山ノ大神年 文月二十六日 第四話

 全員の準備が整い、早速釣り糸を凪いだ海へと垂らす。

 私の知っている釣りであれば、餌に食いついた魚が糸を引いて釣竿が海面の方へたゆんだら、糸をぐるぐると巻いていた気がする。

 だけど、きおく釣りでもそれは同じなのだろうか。



「ねえ」



案の定惺大が縁よりも先に「どうした?」と反応した。

 仕方がないので、彼に尋ねることにする。



「ヒットしたらここ、巻けばいいの?」



まだ自身の釣竿に何もかかっていないからと、糸を巻いて実演して見せてくれた。彼を見るに、釣り方は現世での釣りの解釈と同じだった。



「あ、今釣りの仕方は同じって思ったでしょ?。まあそうなんだけど」



釣竿を振りかぶり、遠くへ糸を垂らす惺大。そう簡単にはかからないとわかっているらしく、おしゃべりに興じようという気満々だ。

 話し相手に選ばれたのが私でなかったら別に構わなかったけど、そうはいかないのが世の常だ。

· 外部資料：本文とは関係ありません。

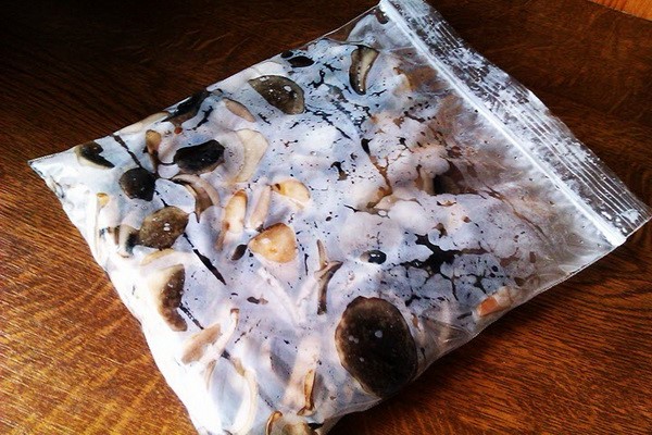 Nach dem vollständigen Abkühlen werden die getrockneten Fruchtkörper in einer solchen Menge in Beuteln ausgelegt, dass sie gleichzeitig verwendet werden können, da es unerwünscht ist, das aufgetaute Produkt wieder in den Gefrierschrank zu stellen.
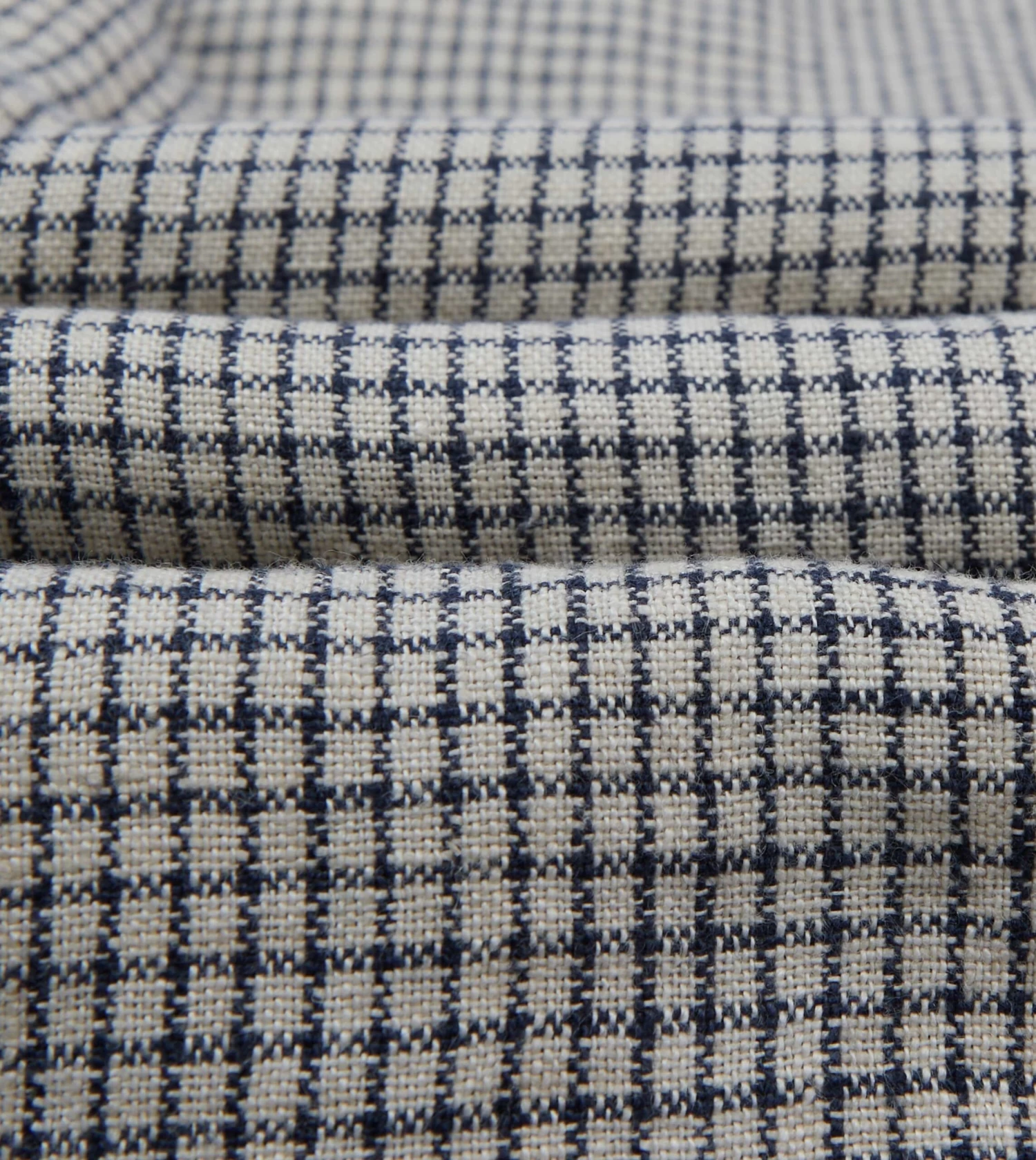 Where previous iterations could be found in corduroy or moleskin, we’ve instead opted for a lightweight Italian linen in a fitting graph check. Retaining the iconic mandarin collar, we’ve brought the jacket up to date with a slightly slimmer silhouette and three generous patch and flap pockets, plus two internal pockets, to stash your compasses, set squares, or anything else an architect on-the-go may require.
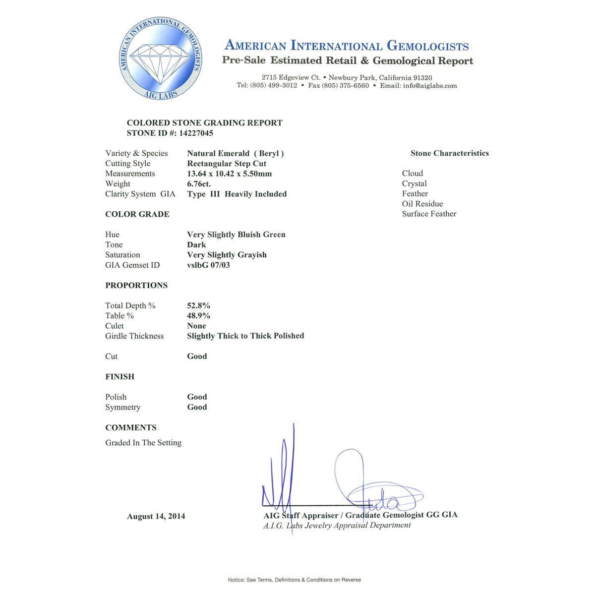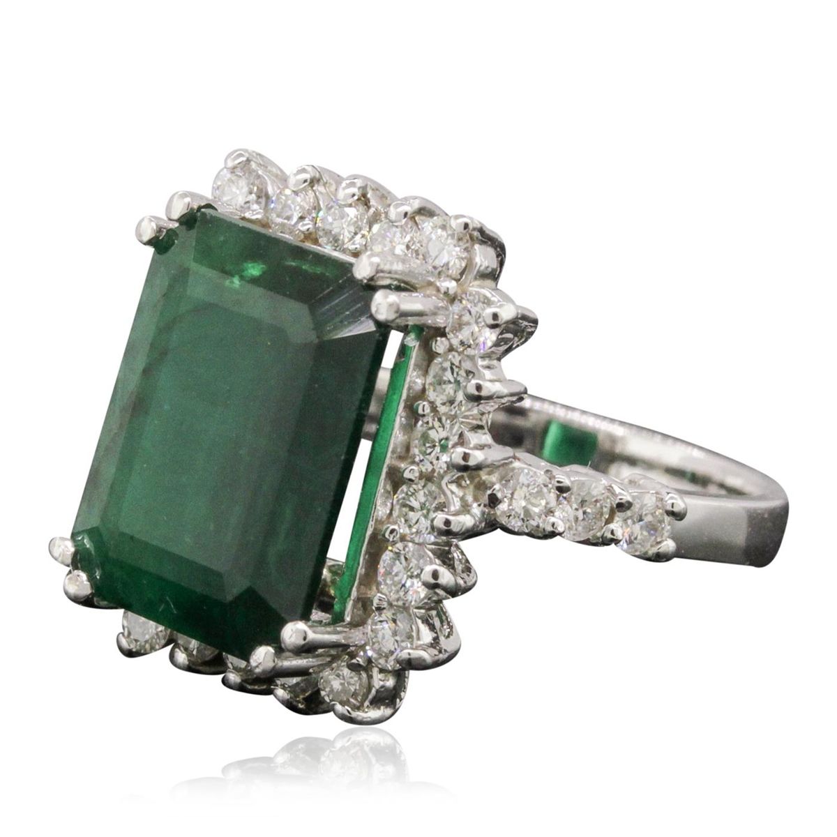 One electronically tested 14KT white gold ladies cast emerald and diamond ring with a bright polish finish. Condition is new, good workmanship. The featured emerald is set within a diamond bezel supported by diamond set shoulders, completed by a two and one-half millimeter wide band. Identified with markings of "K14". Containing: One prong set rectangular step cut natural emerald, measuring 13.64 x 10.42 x 5.50mm, 6%. bulge factor, approximate weight of 6.76ct., clarity is heavily included, type III, dark, very slightly grayish, very slightly bluish green color, (GIA vslbG 7/3), cut is good. Transmitting light somewhat diffusely, transparent to translucent. Naturally occurring internal & external characteristics are present. Indications of oil residue. Colored Stone Grading Report attached. Graded in the setting. Twenty-Eight prong set round brilliant cut diamonds, measuring 2.10 - 2.00 x 1.23mm (depth est.) approximate. Total Weight of 28 Stones = 0.98ct. Graded in the setting. Clarity: SI-1 to I-1. Color: G - I. Total Weight of Colored Stones 6.76ct. Total Weight of Diamonds 0.98ct. Total Weight of Ring 7.46gm. AIG Appraised at $11,790.00.
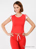Повседневная футболка приталенного силуэта. Выполнена из эластичной ткани. Округлый вырез горловины. Короткие рукава-крылышки. Модель украшена контрастными вставками.
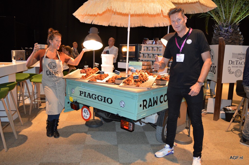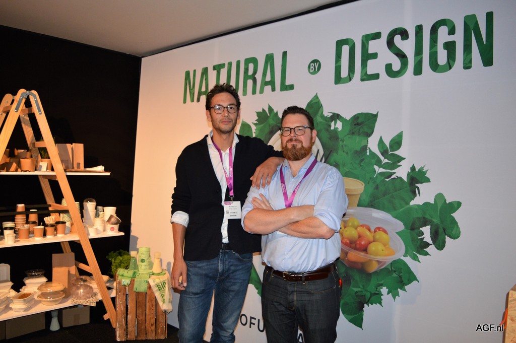 Sander Lenselink en David Gnatzy van Bio Futura. Ook dit jaar weer een groot assortiment duurzame disposables en verpakkingen uitgestald op de beurs.

「隠世の海ではさ、魚の大きさで釣るのが大変になるんじゃなくて、記憶の重さで釣るのが大変になるんだってさ」


「つまり、小さいシルエットでも、その小魚へ姿を変えた記憶が重ければ釣るのが大変ってこと?」


「そうそう」



少し糸を上下に揺らしてみる。

 相手は生きている魚というわけではないから、餌を動かして見せてもあまり効果はないかもしれない。だけど、このままじっとしていると惺大に生い立ちから何まで根掘り葉掘り聞かれそうだ。それは大いに避けたい。



「漓宛ちゃんの」



ついに彼に対する苛立ちが限界に達した。